* Italian 10-yr yields drop to 0.67%, lowest since April
* ECB to meet for first time since policy tweak
* Market expects extended period of stimulus (Adds background, quotes, updates prices)
LONDON, July 22 (Reuters) – Italian borrowing costs sunk to their lowest in over three months on Thursday ahead of a European Central Bank meeting where its chief Christine Lagarde is expected to elaborate on a new target widely perceived as having dovish implications.
The ECB will meet for the first time since it unveiled a tweaked inflation target earlier this month and is all but certain to promise an even longer period of stimulus to make good on its commitment to boost inflation.
Lower-rated euro zone bond yields were broadly lower in morning trade as investors positioned for that.
“The July meeting was never expected to matter much, but following the strategy review could turn out to be a decisive milestone,” analysts at RBC said in a note.
They said they expected policymakers would use this opportunity to steer markets towards an even longer period of low rates than currently priced in.

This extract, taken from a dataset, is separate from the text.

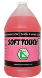
Soft Touch - 4 Liters Pink Lotonized Hand Soap, 4Jg/Cs

Italy’s 10-year bond yield dropped two basis points to 0.6708%, the lowest since early April, and other southern European benchmark bond yields were also down 1-2 basis points on the day.,,
The ECB’s recent statement that it believes any further cut in interest rates would not be beneficial given their already low levels has led investors to conclude that the focus will shift even further to bond purchases.
Italy, as one of the lowest-rated countries in the single currency bloc and one of the biggest sovereign borrowers in the world, is seen as the biggest beneficiary of such a shift.
The closely-watched spread between Italian yields and German Bunds – the euro zone’s benchmark – stood at 106 basis points on Thursday; still a distance from July’s low of 98.72 bps.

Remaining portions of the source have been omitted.